4. Where the plaintiffs had been induced by fraudulent representations to execute an oil and gas lease, for reasons stated in the opinion it is held that a lapse of approximately nineteen months between the execution of the lease and the bringing of an action to cancel it did not result in a waiver of plaintiffs' right to rescind.

Rausch & Chapman, Bismarck, for defendant and appellant.

W. J. Austin, Bismarck, and John O. Garaas, Watford City, for plaintiffs and respondents.

MORRIS, Judge.

This is an appeal from a judgment of the District Court of McKenzie County determining that an oil and gas lease was procured from the plaintiffs by the defendant by fraud and decreeing that the lease is null and void and that it be canceled of record.

The lease in question is dated April 21, 1950, between Wm. Lanz and Nora J. Lanz, as lessors, and Martin T. Naddy, as lessee. It recites a consideration of one dollar and describes certain lands in McKenzie County containing 320 acres, more or less. The term is ten years from the date of the lease or as long thereafter as oil or gas or either of them is produced.

The particular clauses in controversy are these: The lessee agrees

'To pay the lessor One Hundred and Fifty (150.00) Dollars, each year or 1/8 of gas at the well in advance, for the gas from each well where gas only is found, * * *.

'Unless operations for the drilling of a test well be commenced and prosecuted with due diligence upon the above described land or within a radius of 10 miles therefrom on or before the 25th day of September, 1953, this shall terminate as to both parties, unless the lessee on or before the date shall pay or tender to the lessor, or to the lessor's credit in the American State Bank at Williston, N. D. or its successors, which shall continue as the depository regardless of changes in the ownership of said land, the sum of 10cents per acre per year * * *.'

It is also provided that:

'If no well be commenced on said land within twelve months after the completion or abandonment of said test well hereinafter mentioned, this lease shall terminate as to both parties, unless the lessee on or before the date shall pay or tender to the lessor, or to lessor's credit in the American State (Bank), at Williston, N. D. or its successors, which shall continue as the depository regardless of changes in the ownership of said land, the sum of 10cents per acre per year Dollars, which shall operate as a rental and cover the privilege of deferring the commencement of a well for 18 months from said date.'

The first italicization is interlined in ink and the other italicizations are entered in ink in lined blanks contained in the printed form. The lease was signed at the plaintiffs' farm and later the same day was acknowledged before a notary public in the neighboring town of Alexander.

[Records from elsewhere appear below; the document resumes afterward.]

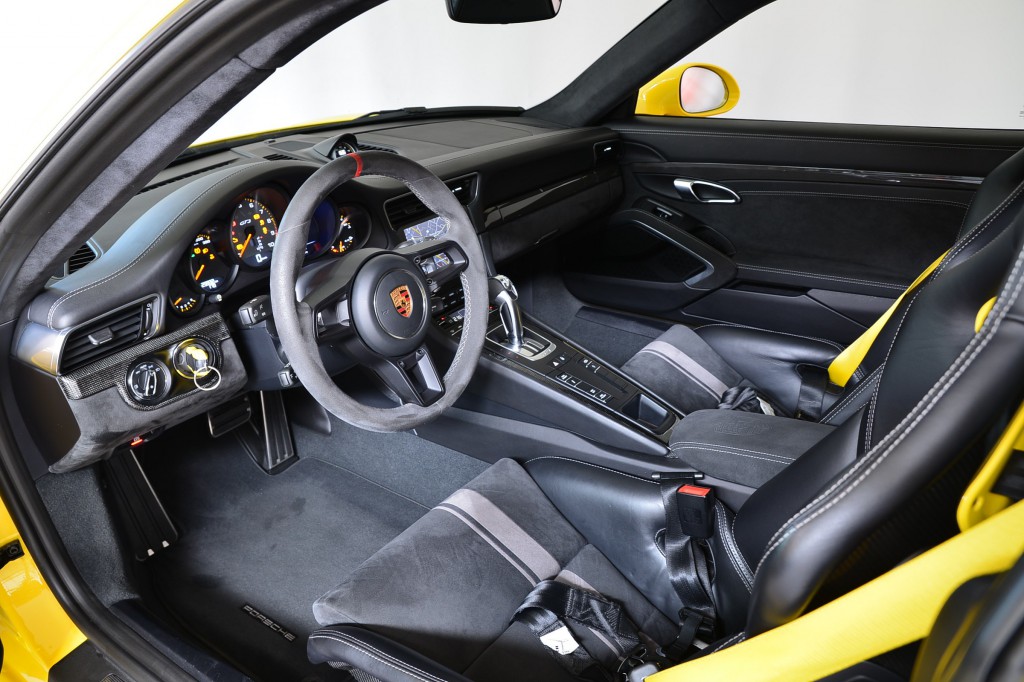 Equipement complet dont : Ceintures de sécurités 6 points jaune - Sièges baquets - Lift-system - Pare-brise avec bande colorée - Rétroviseurs extérieurs sport - Seuils de portes carbone - Logo Porsche sur accoudoir central - Poignées extérieures noires - Phares LED noirs - Détecteur de pluie - Système de nettoyage des phares en couleur - Clé en couleur jaune - Bouchon du réservoir alu - Tableau de bord en cuir avec surpiqûres argent - Pack carbone - Pare-soleil en Alcantara - Régulateur de vitesse - Caméra de recul - DAB - Navi - Bluetooth - Etc..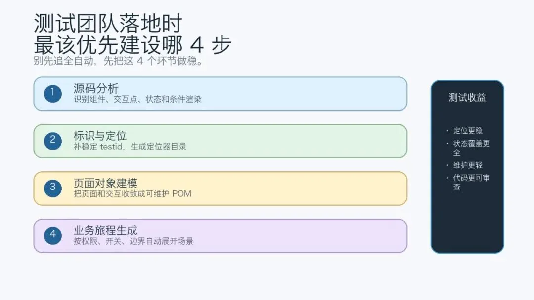 先识别组件,再补稳定 testid,再生成定位器目录。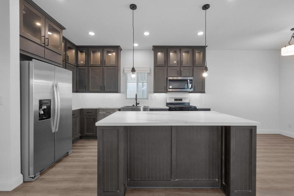 This neutral toned home sits in a cul-de-sac in a well maintained family park, offering 9' ceilings, custom laminate flooring throughout and upgraded carpeting in bedrooms. The kitchen offers an upgraded package that includes stainless steel: dishwasher, self-cleaning gas range, stainless farm sink, microwave, side-by-side refrigerator w/water & ice dispenser. Kitchen also offers LED recessed lighting, upgraded spring faucet, furniture style island w/pendant lighting, overhead to ceiling w/glass cabinets & lights, plus under cabinet lighting, and full tiled backsplash. Throughout it offers: Upgraded 5-1/4 baseboard molding, soft close cabinet doors, 6 panel interior doors w/lever handles, & black hardware. Ceiling fans/lights in all bedrooms and living room. Primary bathroom offers 60" tiled shower w/barn style shower door; guest bath offers shower/tub combo, both offer elongated toilets, upgraded vanity lights, & beveled medicine cabinets. Laundry room offers ample cabinet & counter space. Upgraded Sedona front door, upgraded shingles, lap siding, central heating and A/C. Matching shed & porch to relax on and watch the kids play in the cul-de-sac.

The specifications of fraud pleaded in the complaint are that the defendant at the time of procuring the execution of the lease falsely represented to the plaintiffs that he would make immediate payment of ten cents per acre as consideration for signing the lease; that he further stated that he would pay the plaintiffs the sum of ten cents per acre per year as delay rental but contrary to this agreement he left a blank in the lease form for the date upon which the delayed payments were to start and later fraudulently inserted therein the year 1953 without the consent, authority, or knowledge of the plaintiffs. It is further alleged that at the time of the execution of the lease the defendant fraudulently represented that he would commence the drilling of an oil well on the premises within three months after the execution of the lease and that unless he did so he would cancel the lease, and that no well was ever drilled nor was the lease canceled. It is also alleged that the defendant falsely stated that the form of the lease was a standard form generally used by the oil industry.

As a second cause of action the plaintiffs allege that the defendant fraudulently and without the knowledge, consent, approval, or authority of the plaintiffs altered the lease by inserting therein the statement above italicized with the exception of the name and address of the depository.

According to Mr. Lanz' testimony the lease was signed at his home. His wife and Mr. Naddy were present. He had never met Naddy before. Naddy said he was doing business for the 'Billings Oil Company' and was interested in leasing land for ten cents an acre. Naddy 'wrote up' the lease and the plaintiff and his wife signed it. All three of the parties then drove into Alexander where the acknowledgment was completed before a notary public. Naddy took the lease with him but promised to give Lanz a copy. No copy was ever furnished and he never saw the lease again or became aware of its contents until after it was recorded over a year later.

There is direct conflict in the testimony as to what was in the lease at the time it was signed, as well as what the actual agreement was between the parties before the lease was signed. Lanz says that the only parts of the blank that had been filled out at the time of signing were the date, the description of the land, and the name of the depository. The other data in the blank spaces had not yet been filled in. Lanz testified that there was no talk with Naddy about deferring the commencement of a well for eighteen months nor was there any reference made to gas that might be recovered or to drilling a test well within ten miles of the premises and there was no talk about filling in blanks after the lease was signed. The words '10cents per acre per year' might have been in the lease at the time it was signed. According to Lanz he was to receive ten cents per acre as soon as the title had been checked. This appears to have been in the nature of a bonus. If a well was not drilled on the premises within a year he was to receive ten cents per acre per year until the well was drilled. Lanz signed the lease and handed it to Naddy. He did not read it but relied upon Naddy to fill it out in accordance with the agreement arrived at during negotiations. Mrs. Lanz testified and corroborated her husband's testimony in all major particulars.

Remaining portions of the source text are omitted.